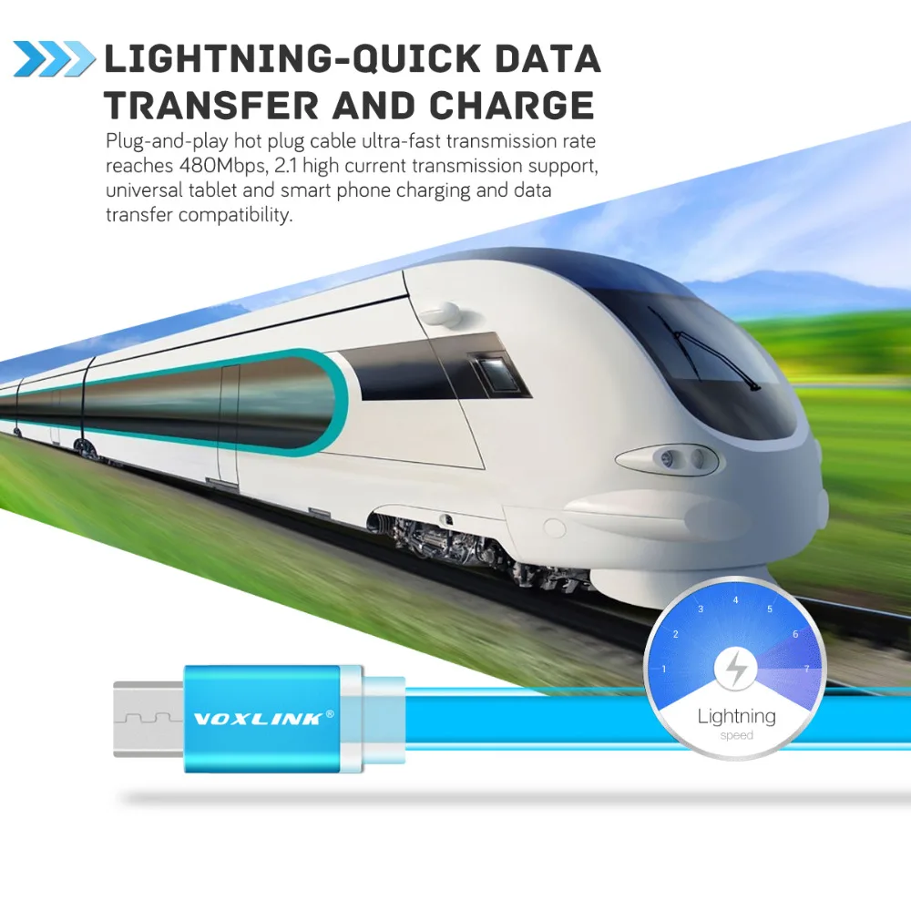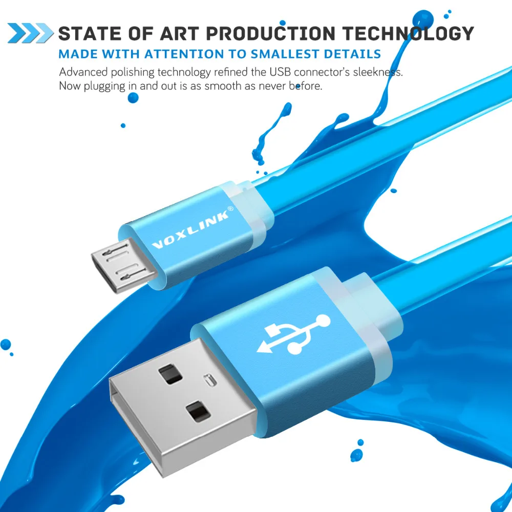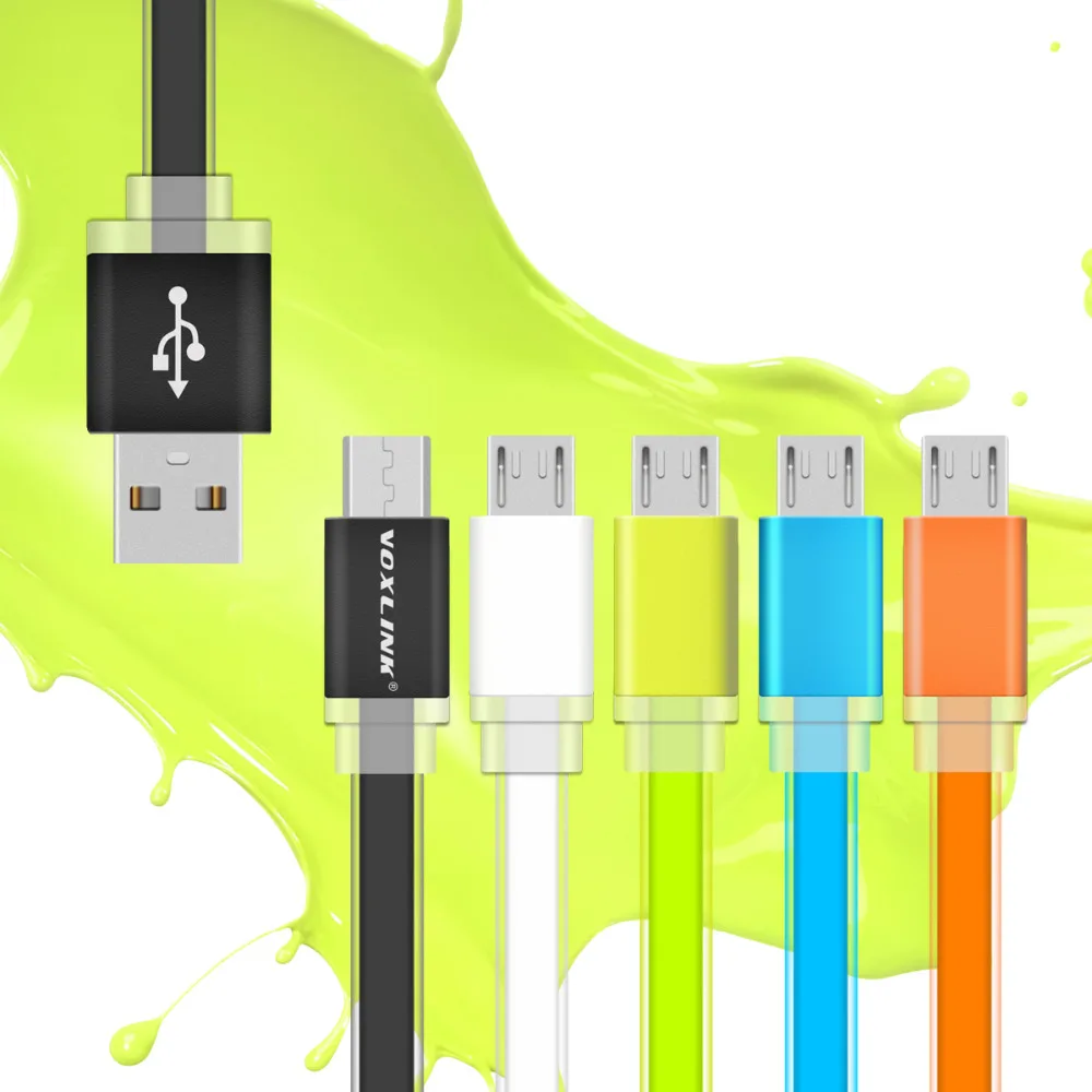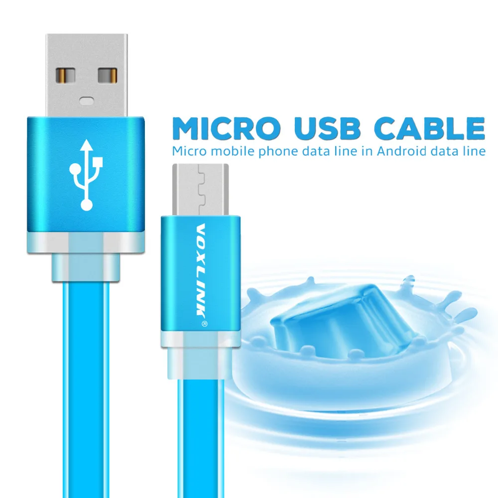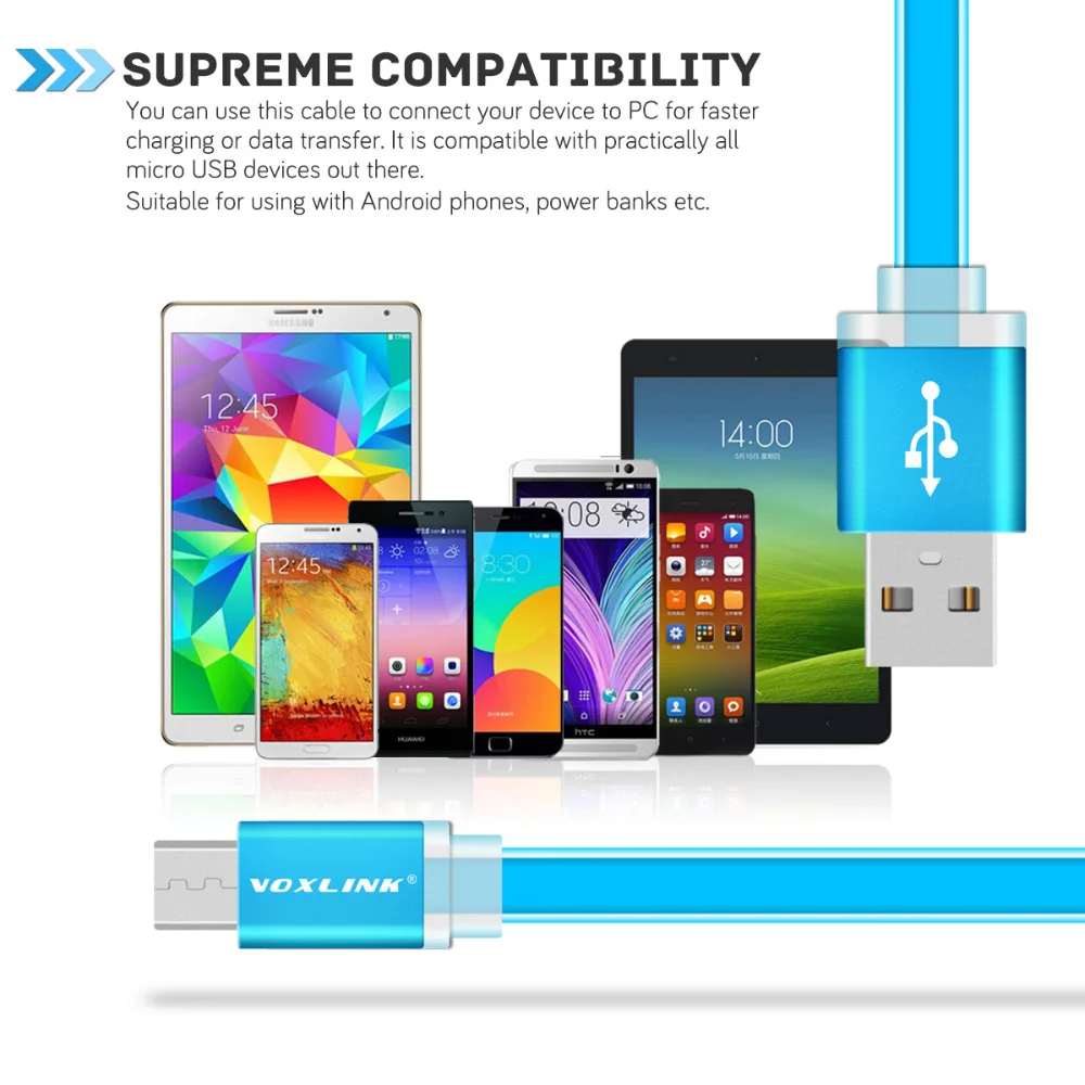 VOXLINK 1m/2m/3m Universal Flat Noodle Micro USB Charger Sync Data Cable for Samsung HTC LG Sony huawei xiaomi Android Phones
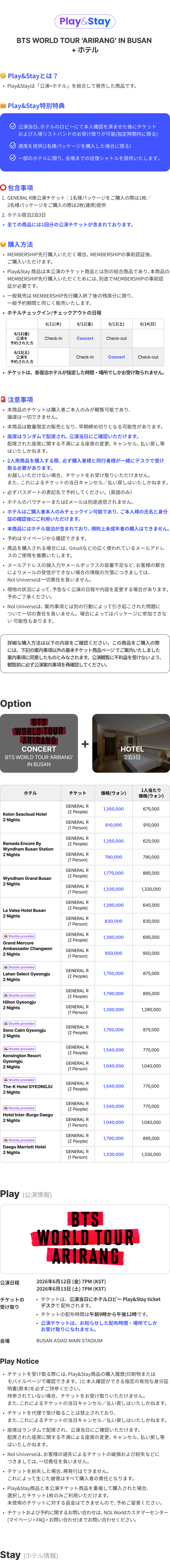 ![[Play&Stay]BTS WORLD TOUR ‘ARIRANG’ IN BUSAN + Hotels](https://ticketimage.interpark.com/Play/image/large/26/26005593_p.gif)
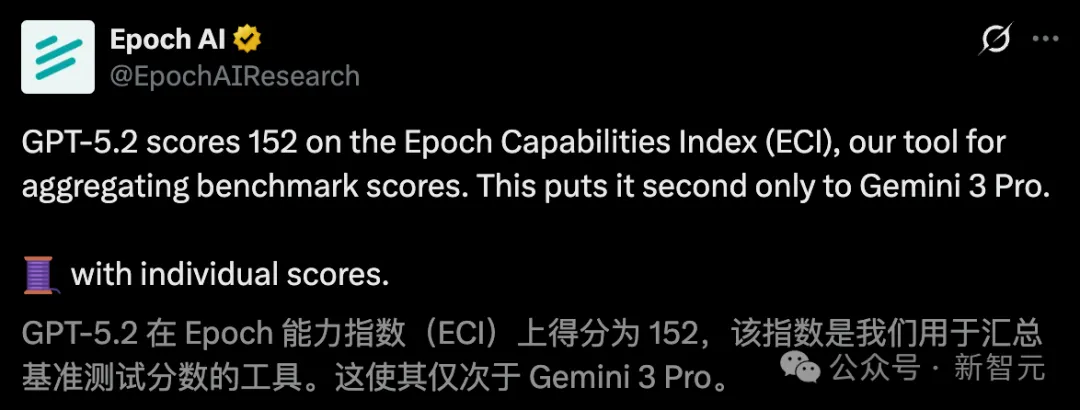 年终AI大戏,OpenAI败给了谷歌?GPT-5.2上线48小时,全网吐槽一大片。第三方数据实证,Gemini 3 Pro才是真正的王者。 OpenAI打出了GPT-5.2这张「年度王牌」,却没有打赢谷歌... Epoch AI最新报告,GPT-5.2的能力指数(ECI)得分152,仅次于Gemini 3 Pro。 在多项基准测试中,GPT-5.2的实力并没有「全线霸榜」。
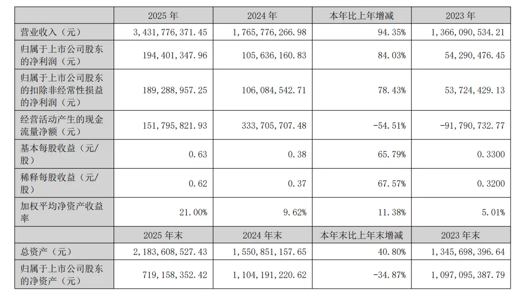 这份转型在 2025 年交出了亮眼的成绩单:公司实现营业收入 34.32 亿元,同比大幅增长 94.35%;归属于上市公司股东的净利润 1.94 亿元,同比增长 84.03%;

## EXERCISE
Return the data above in its exact wording, with none of the pictures.

## SOLUTION
 VOXLINK 1m/2m/3m Universal Flat Noodle Micro USB Charger Sync Data Cable for Samsung HTC LG Sony huawei xiaomi Android Phones
 ![[Play&Stay]BTS WORLD TOUR ‘ARIRANG’ IN BUSAN + Hotels](https://ticketimage.interpark.com/Play/image/large/26/26005593_p.gif)
 年终AI大戏,OpenAI败给了谷歌?GPT-5.2上线48小时,全网吐槽一大片。第三方数据实证,Gemini 3 Pro才是真正的王者。 OpenAI打出了GPT-5.2这张「年度王牌」,却没有打赢谷歌... Epoch AI最新报告,GPT-5.2的能力指数(ECI)得分152,仅次于Gemini 3 Pro。 在多项基准测试中,GPT-5.2的实力并没有「全线霸榜」。
 这份转型在 2025 年交出了亮眼的成绩单:公司实现营业收入 34.32 亿元,同比大幅增长 94.35%;归属于上市公司股东的净利润 1.94 亿元,同比增长 84.03%;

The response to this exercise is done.